I used this command to get the results above: nohup bash -c 'for f in coords.batch*.gz; do echo $f; /net/cephfs/data/elevei/progs/MaSuRCA-3.3.5/bin/merge_coords $f | /net/cephfs/data/elevei/progs/MaSuRCA-3.3.5/bin/ufasta extract -v -n "0" | /net/cephfs/data/elevei/progs/MaSuRCA-3.3.5/bin/longest_path -t 2 -u ../guillaumeKUnitigsAtLeast32bases_all.41.fasta -k 41 -d 0.02 -o /dev/null /dev/stdin; done' > test.longest_path.log &

alekseyzimin commented 4 years ago

One or more of the coords.batch*.gz files are corrupted. To test, run inside mr_pass2:

for k in $(ls coords.batch*.gz);do echo -n "Testing $k ";zcat -f $k | grep '^>' |wc -l;done

Each "Testing" line will give you a number that should be equal to the number of pacbio/nanopore reads you have. If the number is smaller-- the fille is corrupted. Delete the corresponding .success file, re-generate assemble.sh and re-run.

On Mon, Jan 13, 2020 at 7:39 AM Étienne Léveillé-Bourret < notifications@github.com> wrote:

I have the same problem, using Masurca 3.3.5.

My assembl stopped with this error:

[Thu Jan 9 08:54:35 CET 2020] Running on the grid in 241 batches ./longest_path.sh: line 3: 631346 Killed /net/cephfs/data/elevei/progs/MaSuRCA-3.3.5/bin/longest_path -t 20 -u ../guillaumeKUnitigsAtLeast32bases_all.41.fasta -k 41 -d 0.02 -o mr.txt.3.tmp /dev/stdin [Sat Jan 11 00:41:28 CET 2020] mega-reads pass 2 on the grid exited, please re-run assemble.sh [Sat Jan 11 00:41:28 CET 2020] Assembly with flye failed, see files under flye/

I ran gzip -t on each coords.batch*.gz files, and they are all fine.
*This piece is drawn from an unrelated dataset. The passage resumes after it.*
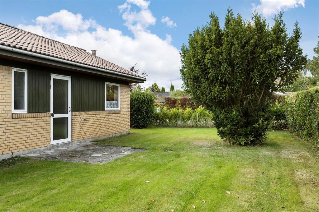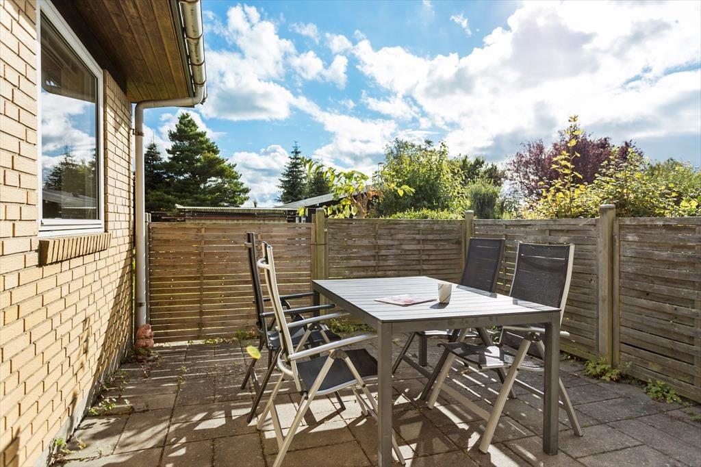 Hyggeligt murstensferiehus tæt på Rødvigs badestrand med afskærmet terrasse og udendørs pejs.

I ran longest_path on each coords.batch*.gz file, and get strange output. I'm not sure how to interpret the output, and which file are possibly broken? Are the files outputting "Invalid input file." broken? If yes, it seems most files are broken, which is weird, because everything seemed fine up to now.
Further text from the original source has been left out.